Потому что, конечно, театров, которые работают со смыслами так, как это делает театр «На досках» в спектакле «Я!», сейчас очень-очень мало. И в этом смысле, конечно, упускается грандиозная возможность. И выросло уже не одно поколение людей, которые ходят в театр не за тем, чтобы в чем-то разобраться, например, в «подпольном человеке» Достоевского, в наших «подпольных» каких-то частях души, а просто чтобы посмотреть очередной пароксизм новизны. Новизны, как правило, обедняющей. Потому что новизна же может быть обогащающей, если она добавляет смысла, а может — обедняющей. Когда человек делает новое, которое оказывается хуже, чем старое, он делает хуже для искусства, но это «хуже» может быть тоже ново. И в основном такая вот новизна торжествует. А Слово, в его, так сказать, сакральном, национальном смысле, практически изгнано.

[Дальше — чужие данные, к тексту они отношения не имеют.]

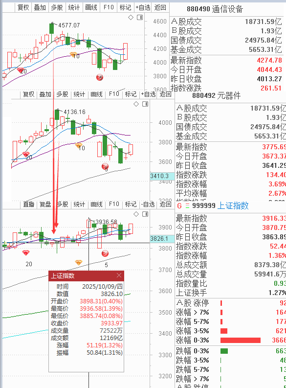 今天它们是涨的多,但是有没有涨到大盘相对的位置?
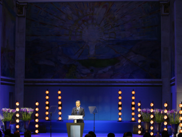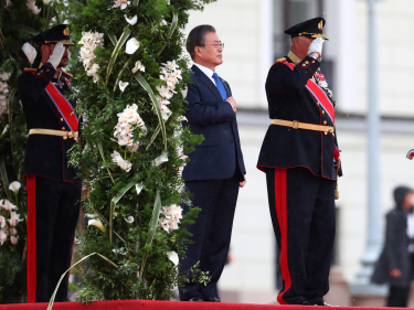 - Gjennom Deres initiativ, herr President, viste dere verden hvordan sport kan bidra til å bygge bro over konflikt og politikk. Etter en lang periode med uro og spenning, var det i februar 2018 en fredelig Korea-halvøy som ønsket verden velkommen til sportslig dyst. Det ble et OL i fredens tegn – midt i vinterlig kappestrid.
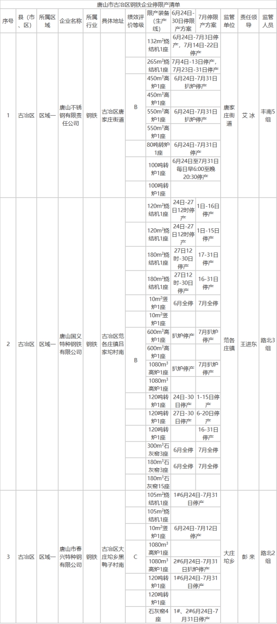 唐山市古冶區(qū)鋼鐵企業(yè)停限產清單
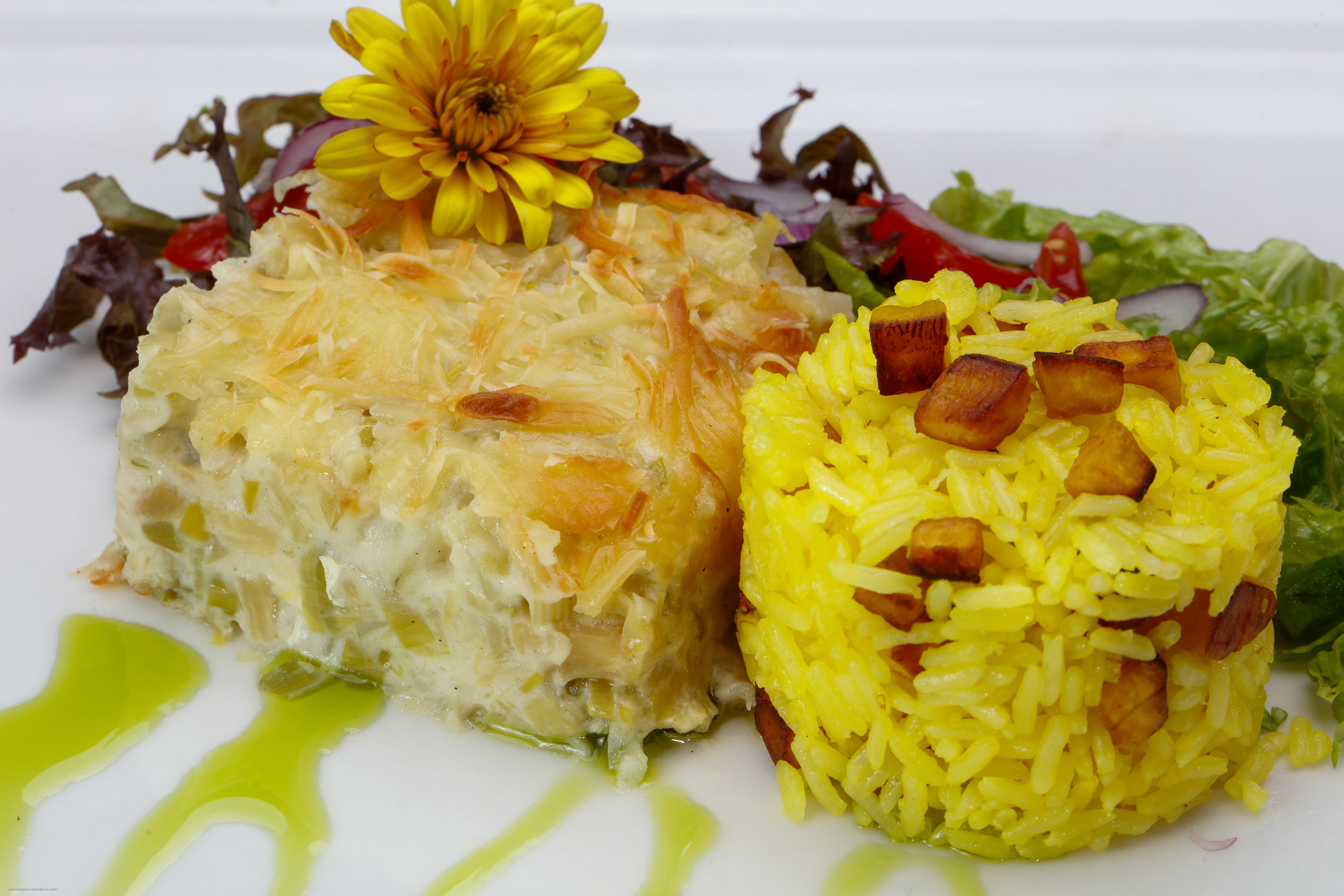 • Prato principal (R$ 40) – Bacalhau de Sant’ Anna (bacalhau em lascas, batatas em cubos, molho bechamel e muçarela gratinada, acompanhado por arroz de açafrão com banana da terra e salada de folhas com tomate cereja finalizado com azeite verde)
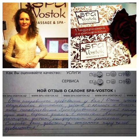 Наталья Ермакова (28.01.2016): Мы глазами наших Гостей! @Regrann from @mariyasennikova — spavostok Хочу выразить огромную благодарность самому лучшему спа ВЫ очень крутые, и это здорово, что вы есть и доставляете людям такое несравненное удовольствие, я бы сказала райское наслаждение. У вас погружаешься в сказочный мир релакса и расслабления. Спасибо вам всем за вашу работу и внимание к клиентам, а особенно самому лучшему мастеру своего дела Елене #Regrann @ Спа-салон «SPA-Vostok»
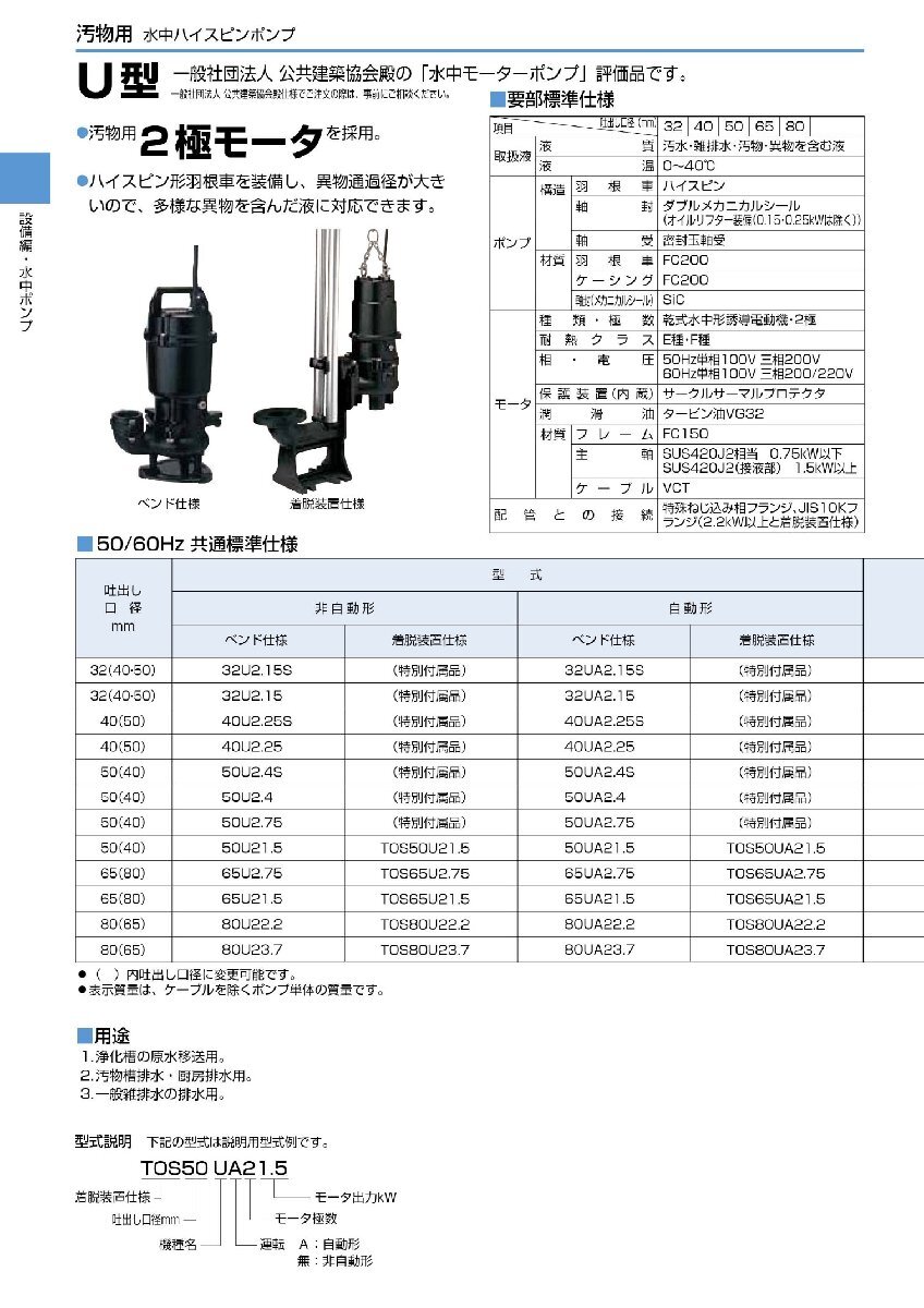 鶴見製作所 ツルミポンプ 50U21.5 50Hz 東日本用 雑排水用 水中ハイスピンポンプ U型 非自動形 口径50mm 三相200V 出力1.5kW 水中ポンプ ※こちらの商品は、「代金引換」支払を ご利用いただけません。
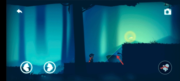 3、当艾瑞尔遇到特别高的台阶,跳跃按钮无法帮助通过时,按照新手引导点击屏幕,让蝴蝶停在点击的位置,此时会出现一条可向上行走的路径,后续若再碰到特别高的台阶,操作方式相同。
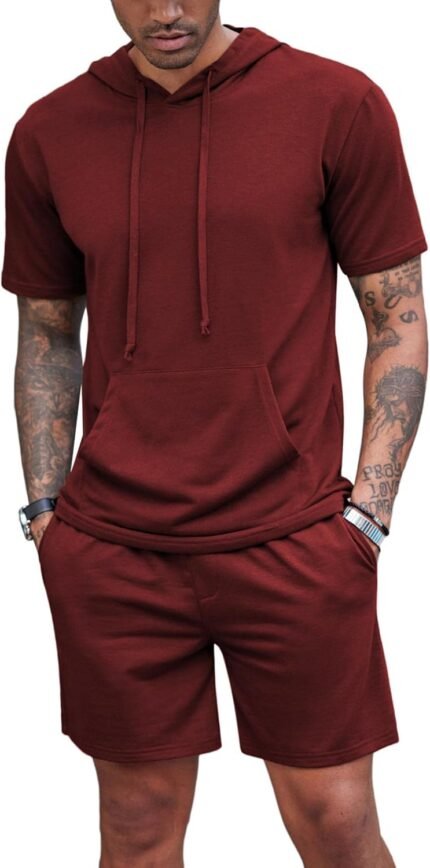 COOFANDY Men’s Tracksuit 2 Piece Hooded Athletic Sweatsuit Short Sleeve Casual Sports Hoodie Shorts Set

Конечно, этот спектакль возвращает нас к кафедральному звучанию русского театра. И я надеюсь, что все-таки морок этот спадет и мы в основном вернемся к тому театру, каким он был в советскую эпоху и до революции. Советский театр оказывал огромное влияние на современное ему общество — именно гуманистическое. Несмотря на идеологию, которая, кстати говоря, была не так уж плоха, как сейчас пытаются представить в некоторых театрах. Эти театры, кстати, продолжают носить имя Ленинского комсомола и т. д. Один из парадоксов нашего времени.
Корр.: Спасибо.
Юрий Поляков: И Вам спасибо.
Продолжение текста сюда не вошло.